How we built this list
Techniques ranked by Pune data scientist + ML engineer interview-frequency from Archer Infotech's placement-cell debriefs over 2024-2026 cycles + production-use prevalence at Pune analytics consultancies (ZS Associates, Tiger Analytics, Mu Sigma) + product company ML teams (Druva, Helpshift, BrowserStack ML, Persistent product). Focuses on tabular data feature engineering (most common Pune ML work); deep learning feature engineering (embeddings, augmentation) covered separately in ML-engineering tracks.
FAQs
Common questions about feature engineering techniques.
How much feature engineering do I need for Pune Data Analyst vs Data Scientist roles?
Data Analyst: foundation 3 (one-hot encoding, scaling, date/time extraction) at conceptual depth. Data Scientist: all 10 at working depth + ability to walk through trade-offs. ML Engineer: + deeper production patterns (feature pipelines, feature stores, versioning). The bar rises sharply with role tier.
Should I learn manual feature engineering or use automated tools (AutoML, featuretools)?
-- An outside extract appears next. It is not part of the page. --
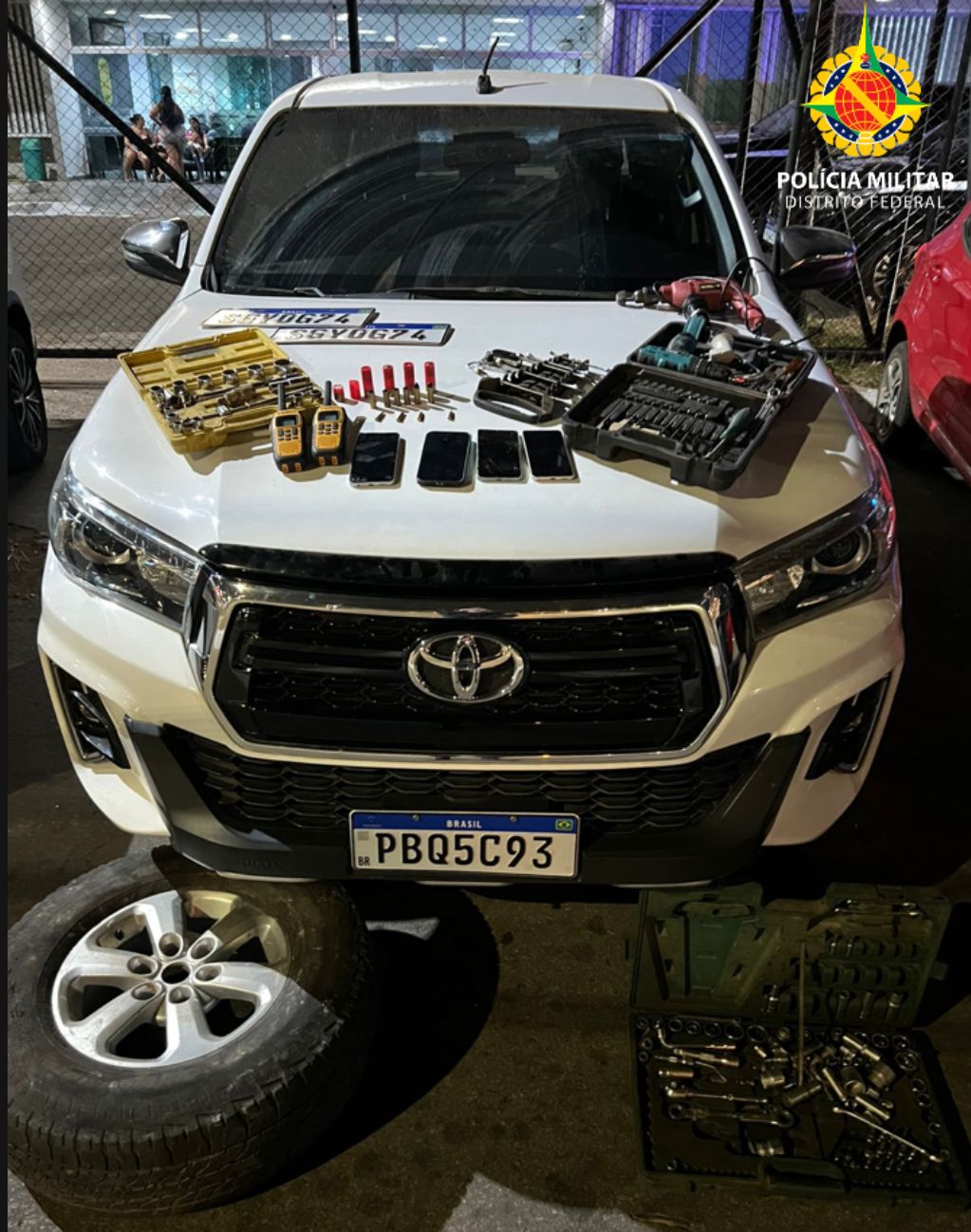 No local, os militares recuperaram uma Hilux furtada e apreenderam outros dois veículos, além de munições de diversos calibres (12, .44 Magnum e .17 HMR), acessórios de armas de fogo, kits de ferramentas utilizados para adulterar veículos, um par de placas furtadas, quatro celulares e R$ 1.250,50 em espécie.

Manual first — automated tools are excellent productivity boosters but only after you understand what they're doing. Pune interview rounds probe your understanding of why a transformation matters, not just whether you applied it. Learn manual techniques on 5-10 real datasets, then use featuretools / Featurewiz / Open-FE for production.
What's the most-failed feature engineering question at Pune data scientist interviews?
Data leakage from target encoding + statistics computed on the full dataset. Candidates compute mean/median/target-encoding using the entire dataset including test rows. Correct pattern: fit transformer on training set only, then transform train + test separately. This signals understanding of train/test boundary integrity.
Should I use feature engineering with deep learning models too?
Less for unstructured data (images, audio, text — deep learning learns features automatically). Still useful for tabular data with deep learning — most kaggle wins on tabular use thoughtful feature engineering + a deep model. For LLM applications: prompt engineering and structured output design replace traditional feature engineering at the application layer.